ASSIGNED TASK: Your copy should hold only the lines from the one with "訳あり iPhone6Plus/6sPlus 高級" to the one with "kosárba helyezve. Kosár", both included, each exactly as it stands below, with no pictures.

[Opening INFORMATION PROVIDED section]

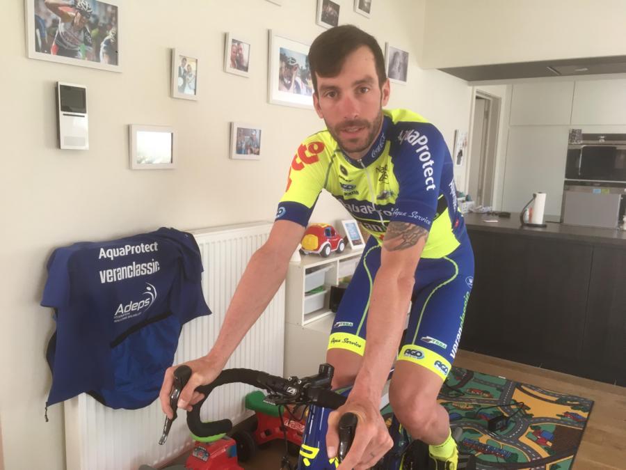 “Ik gebruik op de rollen al een tijdje het programma Zwift en dat staat nu in de garage. Dan zet ik de poort een meter omhoog voor ideale ventilatie, maar binnen is het natuurlijk plezanter. Er is boven al een kamer voorzien voor mijn fietsspullen en ook voor mijn rollen, maar ik zie het niet zitten om mijn fiets elke keer naar boven te sleuren. Bovendien krijg je na 3 uur op de rollen wel serieuze geurhinder en op den duur ook vochtplekken op de muren.”
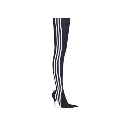Balenciaga/巴黎世家 22年秋冬新款 ADIDAS联名系列 女士黑色哑光氨纶面料三条纹高跟过膝靴724074W2ES11090
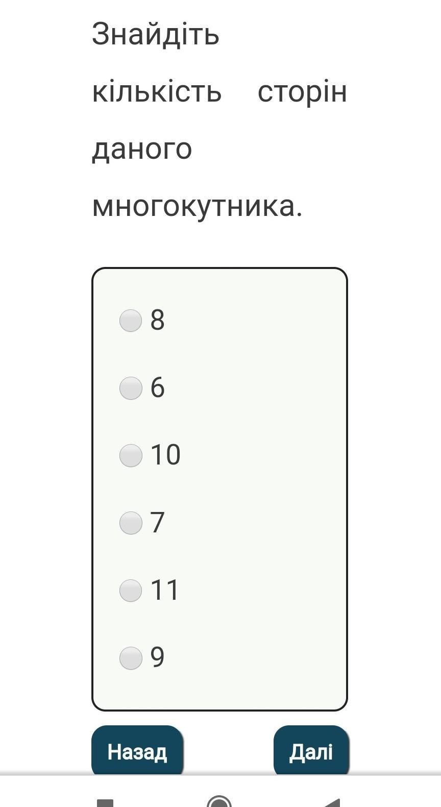 Кожен із зовнішніх кутів многокутника дорівнює 40°. Знайдіть кількість сторін даного многокутника.
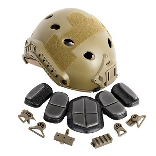Give your head the protection it deserves with the Cybergun F.A.S.T. Tactical Helmet. This PJ helmet features a customizable tactical rail and an adjustable fitting system. It is made of strong ABS plastic material and has Velcro on the inside for custom placement of foam spacers. Available in tan, black, and olive drab.
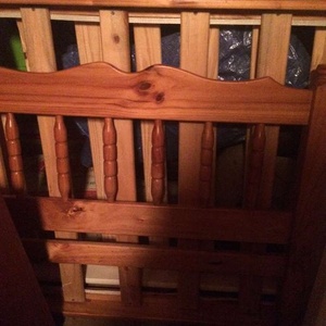 Single bed frame (in antique pine look finish) with slatted base. It is dismantled, so easy to transport.
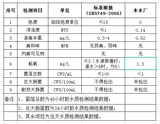 先生店水廠2021年6月29日出廠水水質(zhì)公告
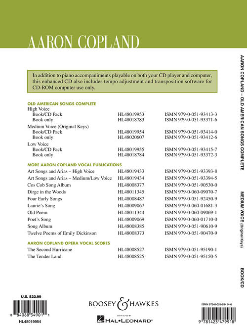Aaron Copland: Old American Songs CompleteMedium Voice (Original Keys)Publisher: Boosey & HawkesCategory: VocalSeries: Boosey & Hawkes VoiceFormat: Softcover Audio OnlineThe two sets of Old American Songs are beloved, standard vocal literature. This edition combines both sets...Regular price $29.99 -
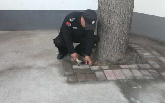 說干就干,保安隊員下班后,每天晚走一會兒,又是刨樹根,又是推沙石、找磚塊,用了2天時間鋪磚500余塊,整修地面30多平米,圓滿完成任務(wù)。
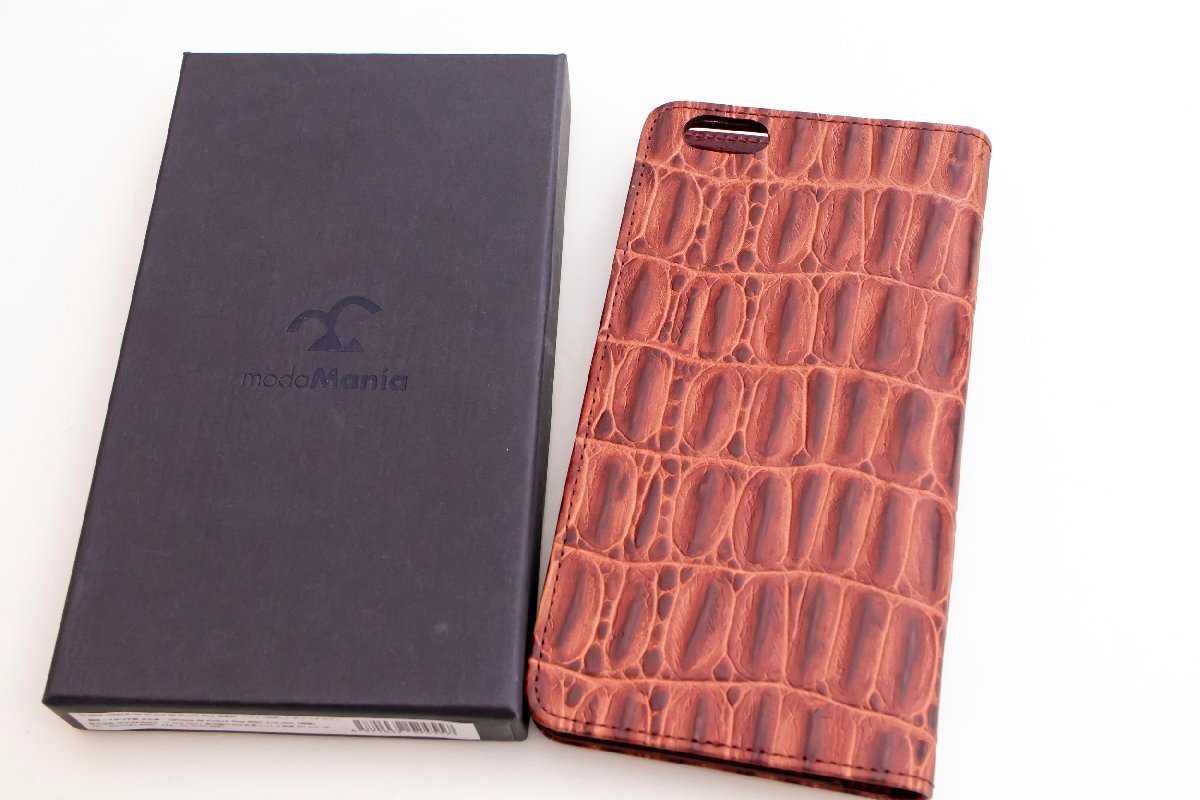 訳あり iPhone6Plus/6sPlus 高級 手帳型 イタリア産 本革 ケース クロコ ブラウン モーダマニア modamania
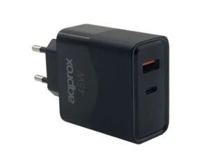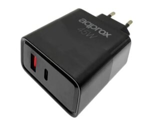“APPROX Telefon töltő – 1db Type-C (USB-C) csatlakozó, 45W, 1.1m kábel, Fekete” a kosárba helyezve. Kosár
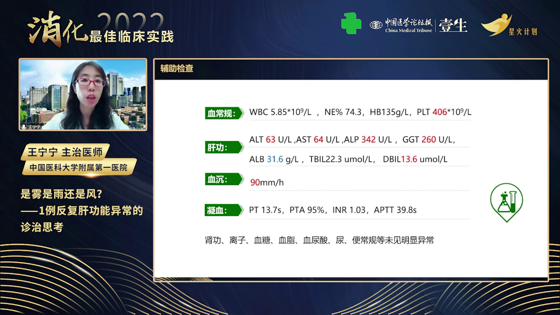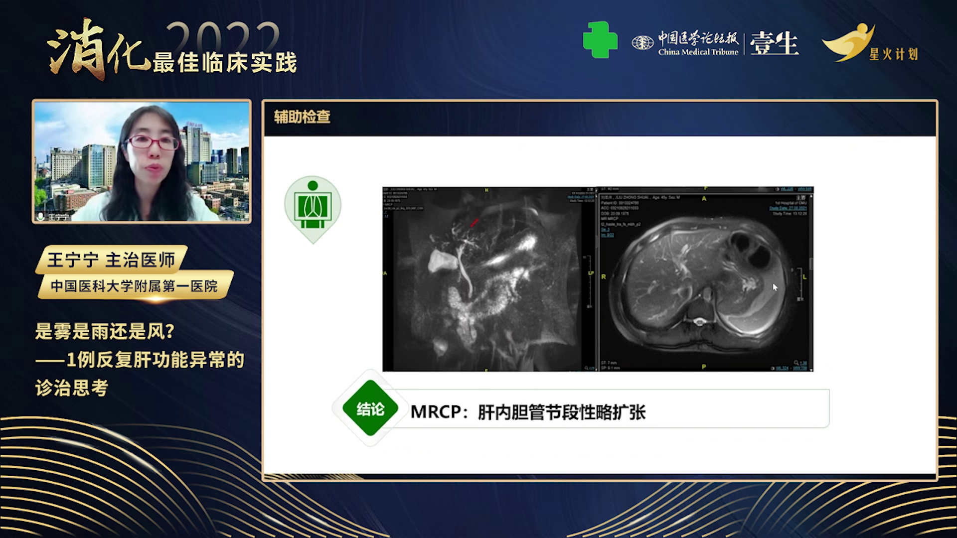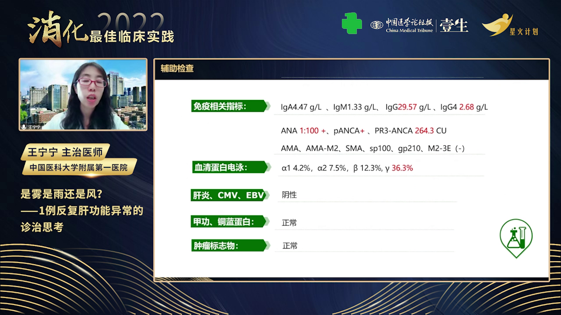 2015年12月就诊于我院,复查肝功能:ALT 254 U/L,AST 93 U/L,ALP 526 U/L,GGT 1071 U/L,胆红素正常,IgG轻度增高19.9 g/L,ANA 1:80阳性,MRCP提示肝左叶肝内胆管轻度扩张,考虑自身免疫性胆管炎,予熊去氧胆酸、异甘草酸镁等保肝治疗,10天后复查肝功能明显好转,谷丙转氨酶及谷草转氨酶降至正常,碱性磷酸酶和γ-GT降约一半,胆红素正常,之后继续熊去氧胆酸口服出院。2016年因肝功能异常于北京某医院住院,肝穿提示免疫相关性胆管炎,但未找到报告,北京医院建议继续熊去氧胆酸口服,此后肝功能仍异常。2018年于我市某医院复查,四个转氨酶均增高,ANA 1:80阳性,ANCA阳性,IgG及IgM正常,再次肝穿仅提示慢性炎症性改变(G1/S0-1),局灶可疑具有不典型的重叠综合征(PBC与AIH),建议尝试激素治疗,患者拒绝,仍继续熊去氧胆酸0.25g tid口服,此后多次复查肝功仍异常。直至2021年8月25日,因肝功能持续异常(ALT 78U/L,AST 77U/L,ALP 271U/L,GGT 387U/L)再次就诊于我院消化内科住院治疗。病来有乏力,间断大便不成形,便次增多至3-4次/日,无黏液脓血及明显腹痛,精神、饮食、睡眠正常,体重无明显变化。
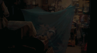 是以姥姥平躺在病牀上,望向外孫的視角。
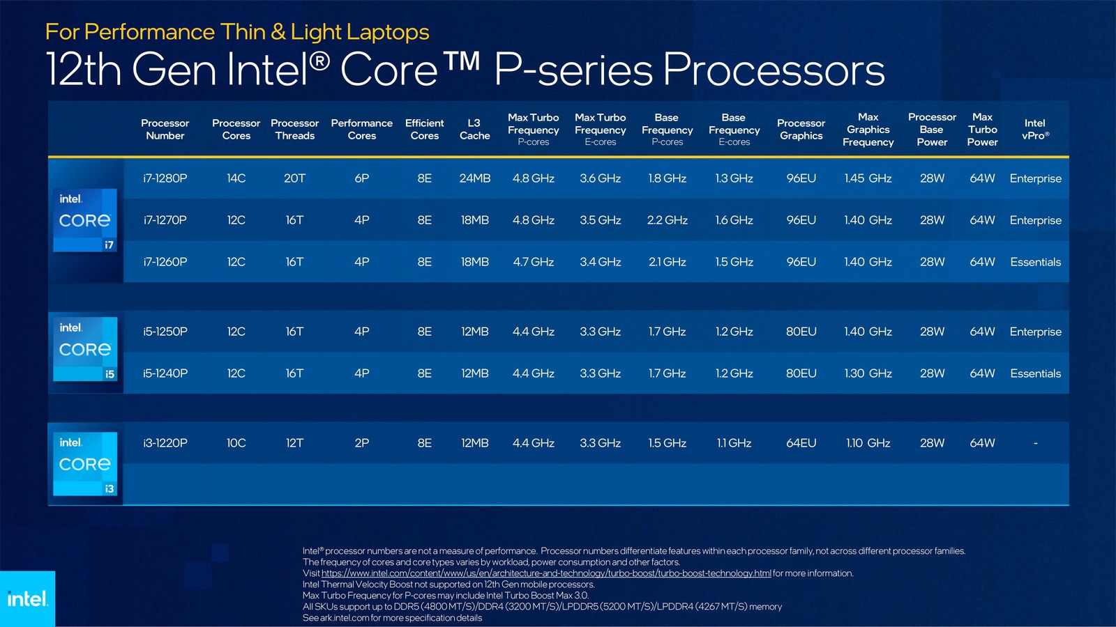 Как можно видеть, линейка очень широкая. В мобильном сегменте появились процессоры P-series, которые разместились между привычными за годы энергоэффективными U-series и высокопроизводительными H-series.

[Closing INFORMATION PROVIDED section]

SOLUTION TO THIS TASK:
 訳あり iPhone6Plus/6sPlus 高級 手帳型 イタリア産 本革 ケース クロコ ブラウン モーダマニア modamania
“APPROX Telefon töltő – 1db Type-C (USB-C) csatlakozó, 45W, 1.1m kábel, Fekete” a kosárba helyezve. Kosár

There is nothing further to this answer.